● **Problem requirements**
Give the listing again in full and exactly, apart from its pictures.

● **Dataset content**
● ● ● ● ●

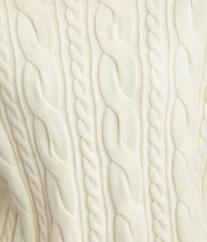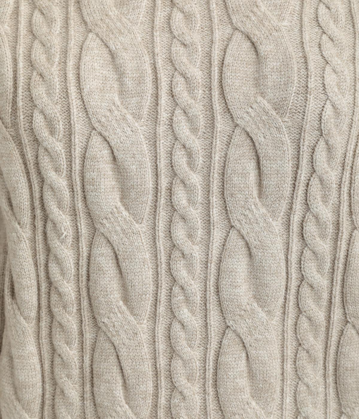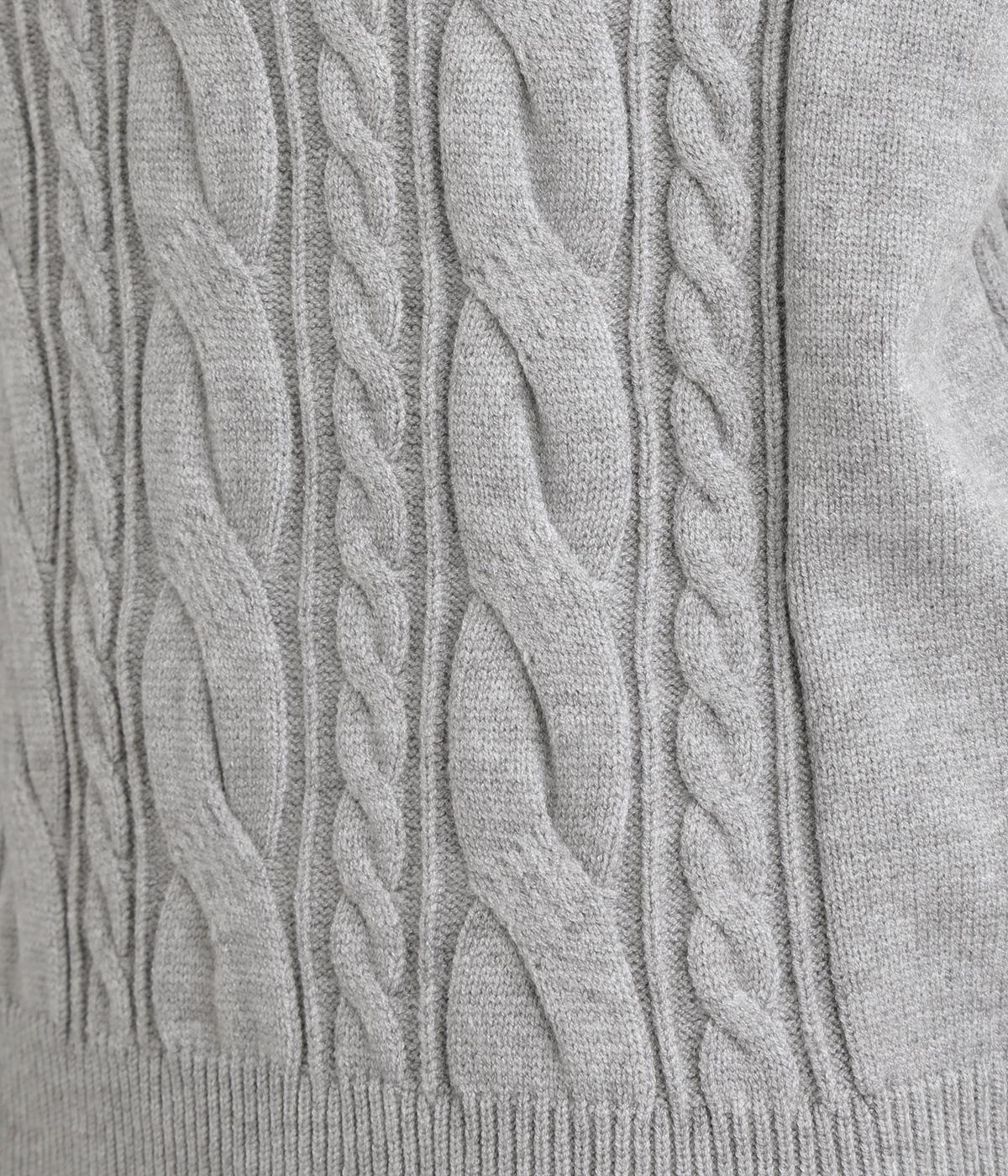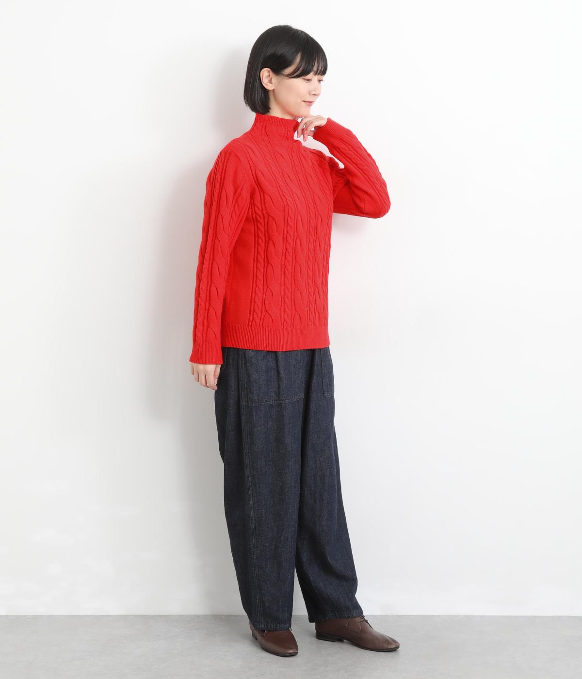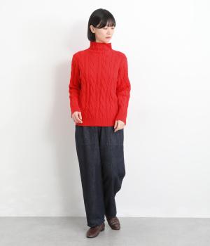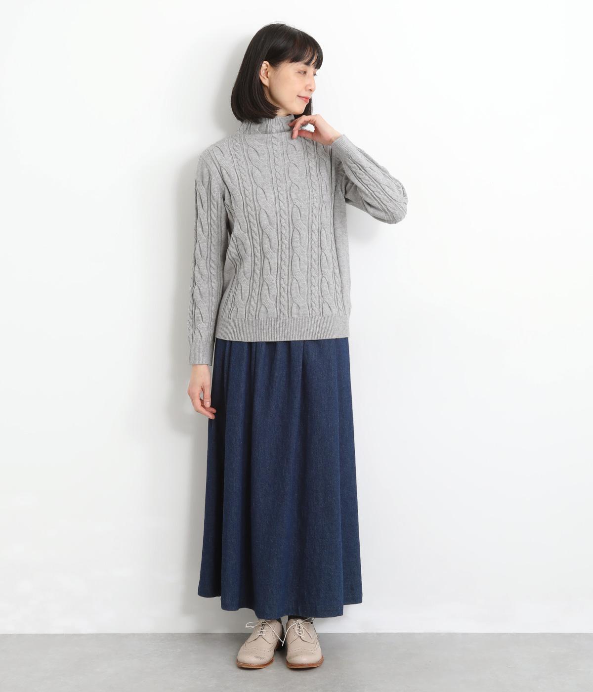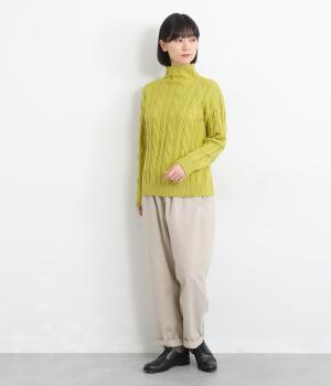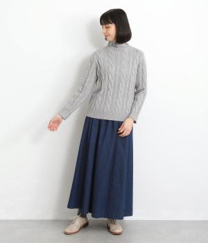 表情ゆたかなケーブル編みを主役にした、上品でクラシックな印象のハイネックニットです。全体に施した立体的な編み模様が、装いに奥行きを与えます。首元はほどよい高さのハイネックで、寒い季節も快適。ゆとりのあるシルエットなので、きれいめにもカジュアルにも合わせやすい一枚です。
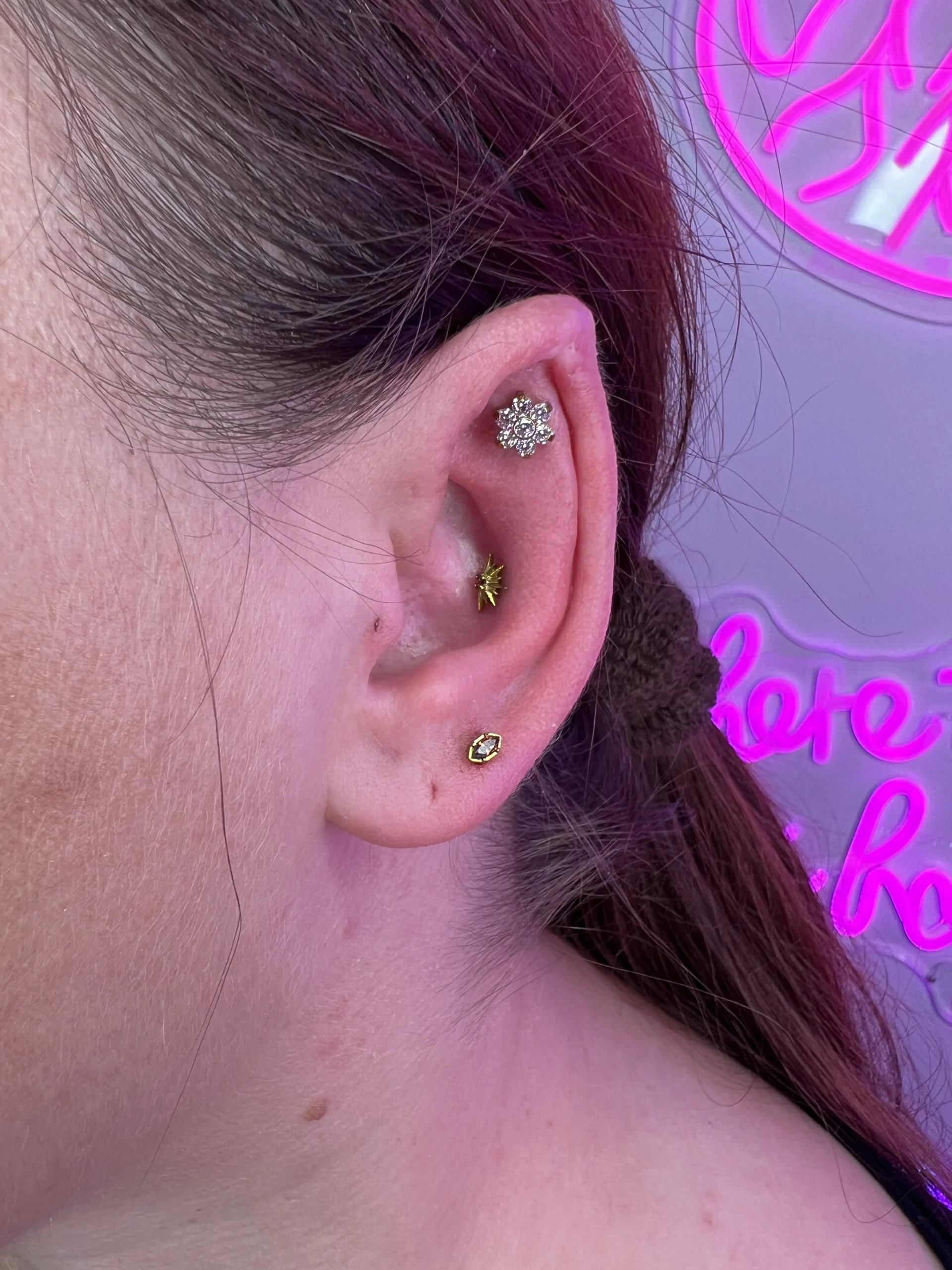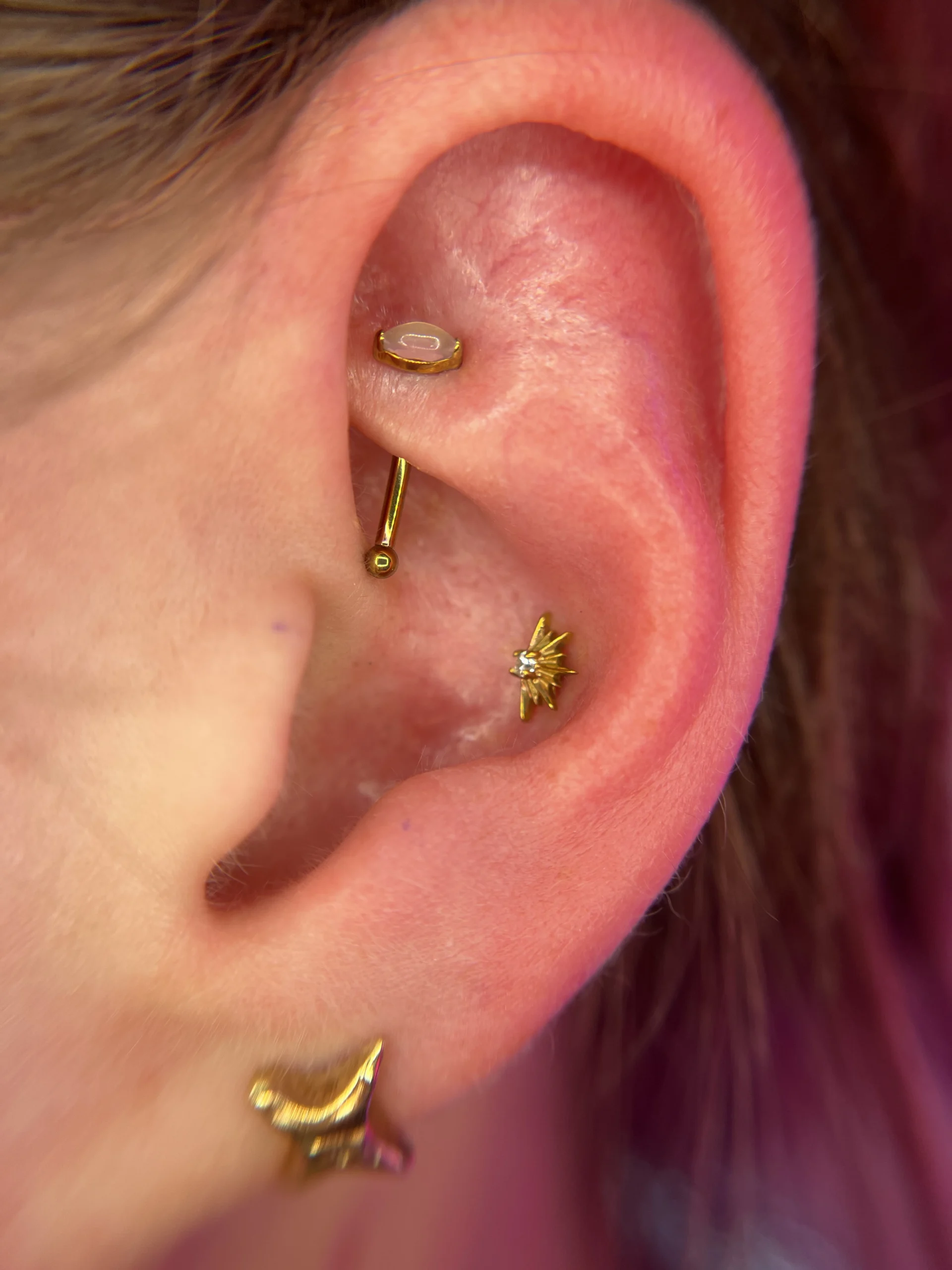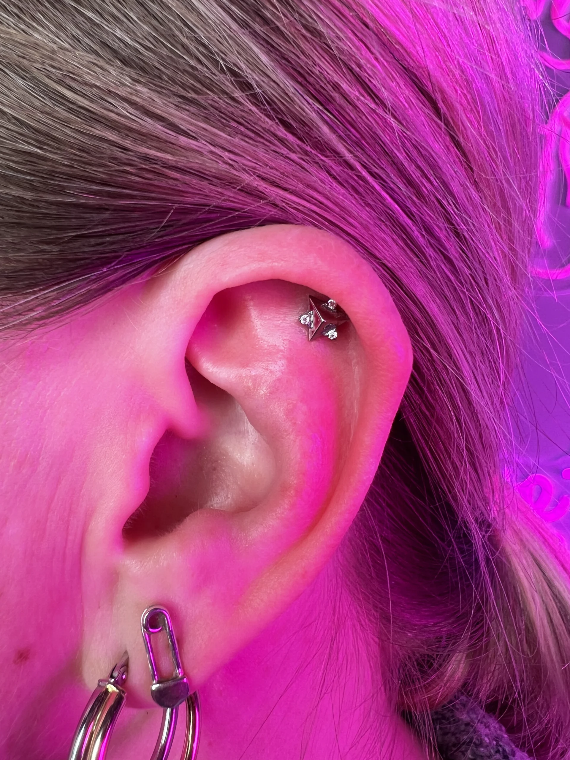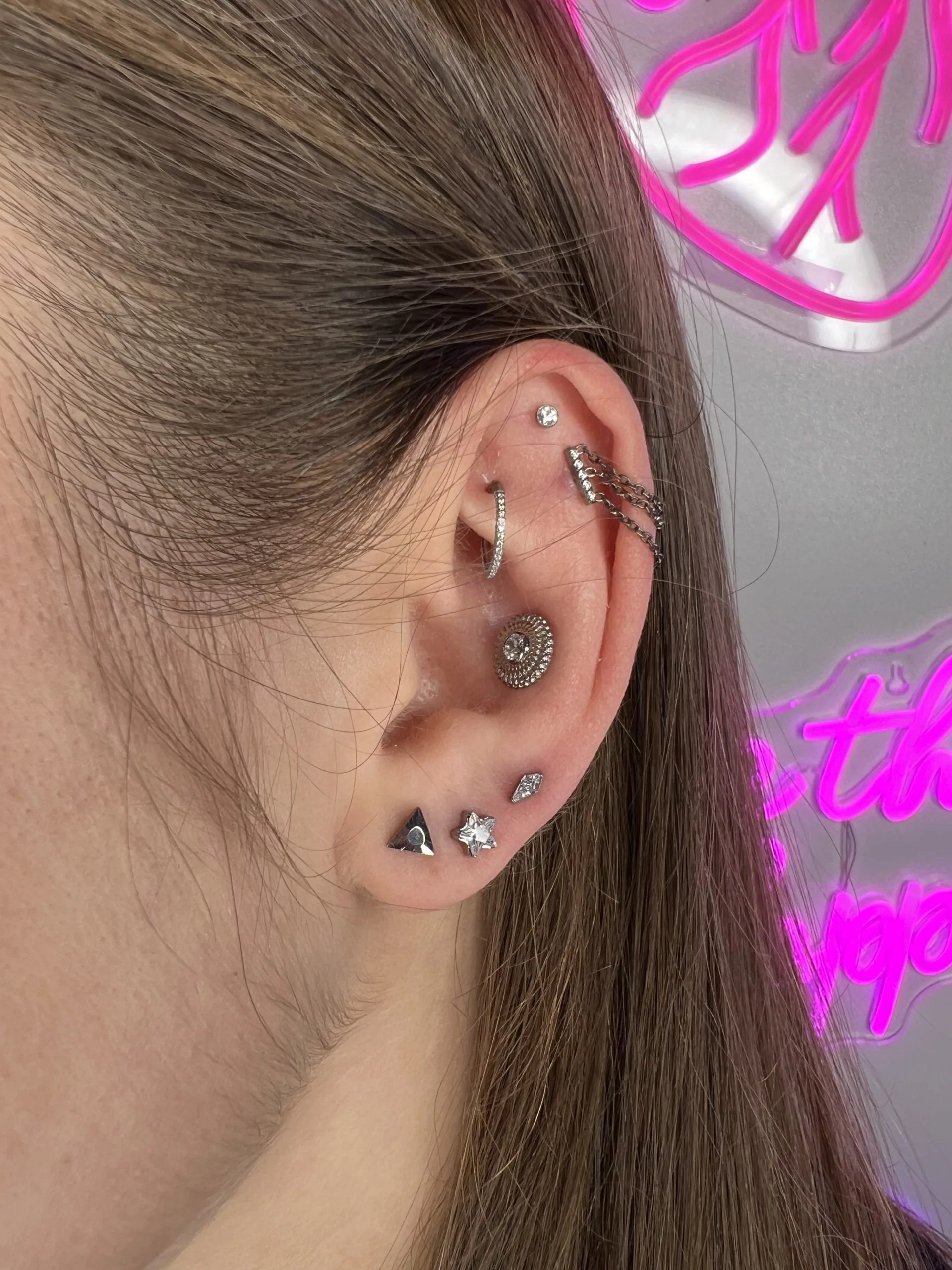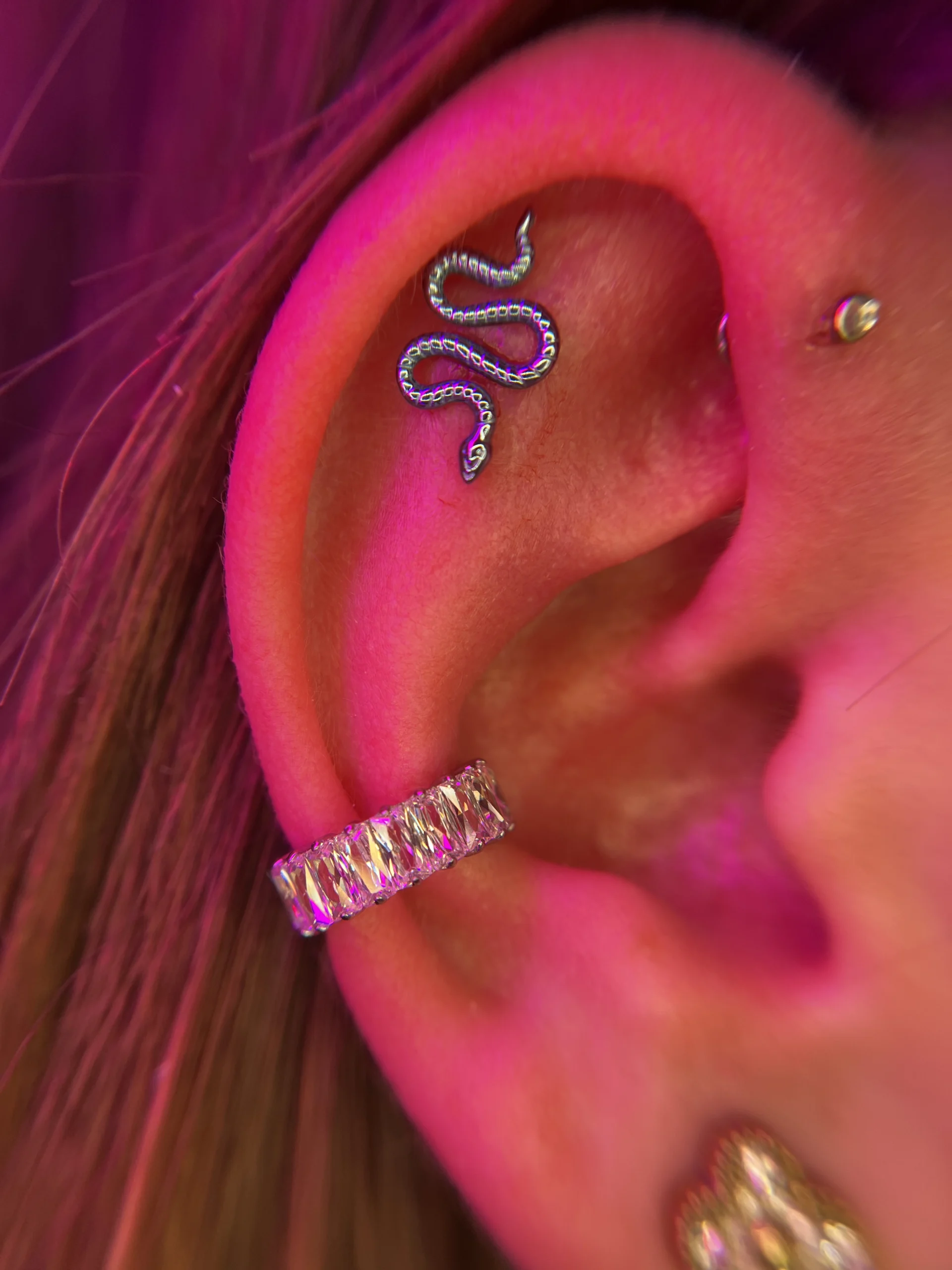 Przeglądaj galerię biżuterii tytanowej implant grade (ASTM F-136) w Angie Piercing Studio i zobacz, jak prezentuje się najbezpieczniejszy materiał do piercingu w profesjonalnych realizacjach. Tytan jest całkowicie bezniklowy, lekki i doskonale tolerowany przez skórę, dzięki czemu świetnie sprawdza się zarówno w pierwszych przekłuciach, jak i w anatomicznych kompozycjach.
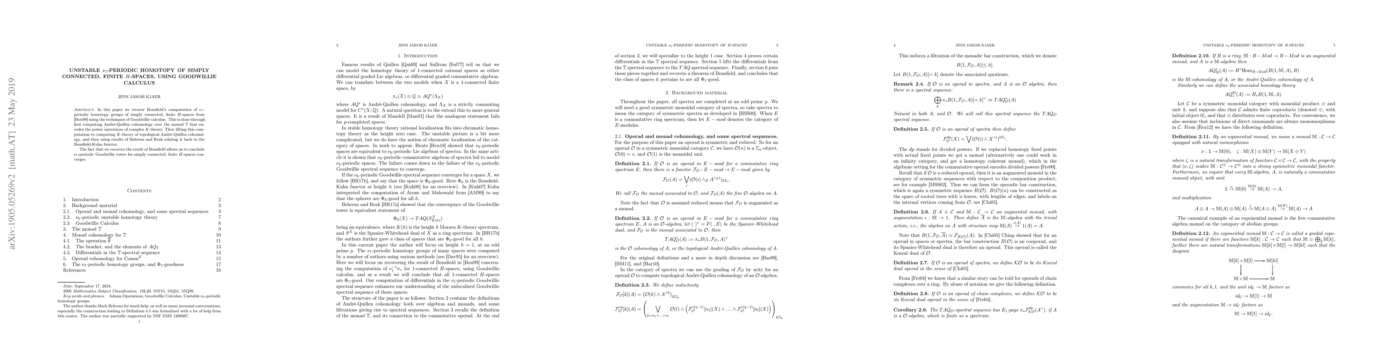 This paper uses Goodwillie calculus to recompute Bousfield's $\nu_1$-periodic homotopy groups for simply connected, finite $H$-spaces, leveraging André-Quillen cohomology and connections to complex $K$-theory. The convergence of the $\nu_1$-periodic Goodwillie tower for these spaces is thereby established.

● ● ● ● ●

● **Response**
 表情ゆたかなケーブル編みを主役にした、上品でクラシックな印象のハイネックニットです。全体に施した立体的な編み模様が、装いに奥行きを与えます。首元はほどよい高さのハイネックで、寒い季節も快適。ゆとりのあるシルエットなので、きれいめにもカジュアルにも合わせやすい一枚です。
 Przeglądaj galerię biżuterii tytanowej implant grade (ASTM F-136) w Angie Piercing Studio i zobacz, jak prezentuje się najbezpieczniejszy materiał do piercingu w profesjonalnych realizacjach. Tytan jest całkowicie bezniklowy, lekki i doskonale tolerowany przez skórę, dzięki czemu świetnie sprawdza się zarówno w pierwszych przekłuciach, jak i w anatomicznych kompozycjach.
 This paper uses Goodwillie calculus to recompute Bousfield's $\nu_1$-periodic homotopy groups for simply connected, finite $H$-spaces, leveraging André-Quillen cohomology and connections to complex $K$-theory. The convergence of the $\nu_1$-periodic Goodwillie tower for these spaces is thereby established.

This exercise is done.